[英]Doing mathematic operations in pandas dataframe if condition is met
I am new to pandas.我是熊猫的新手。
My DataFrame looks like this:我的 DataFrame 看起来像这样:
a1 b1 c1 d1 e1
A 10 10 1 2 0
B 20 20 2 1 1
C 30 30 3 1 0
D 40 40 4 1 1
E 40 40 4 1 2
F 40 40 4 1 1
I want to do math operations only for values where e1
is the same.我只想对e1
相同的值进行数学运算。
For example: ( a1A
+ a1C
) / ( c1A
+ c1C
) for values where C
is the same.例如:( a1A
+ a1C
) / ( c1A
+ c1C
) 对于C
相同的值。 So I would end up with a dataframe like this:所以我最终会得到一个这样的数据框:
a1 b1 c1 d1 e1 result
A 10 10 1 2 0 (a1A + a1C) / ( c1A + c1C )

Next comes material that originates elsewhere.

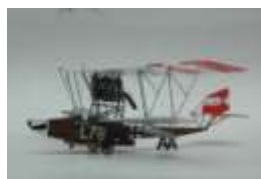
【準グランプリ《飛行機部門》】 ローナーL オーストリア 水上戦闘飛行艇 ●柏木光雄さん / 茨城県

B 20 20 2 1 1 (a1B + a1D+ a1F) / ( c1B + c1D+ c1F )
C 30 30 3 1 0 Do not calculate it because its already calculated
D 40 40 4 1 1 Do not calculate it because its already calculated
E 40 40 4 1 2 (a1E / c1E)
F 40 40 4 1 1 Do not calculate it because its already calculatedcalculated
I do not know how could I apply a condition to the calculations and how would I omit calculations if it has already been calculated.我不知道如何将条件应用于计算,如果已经计算过,我将如何省略计算。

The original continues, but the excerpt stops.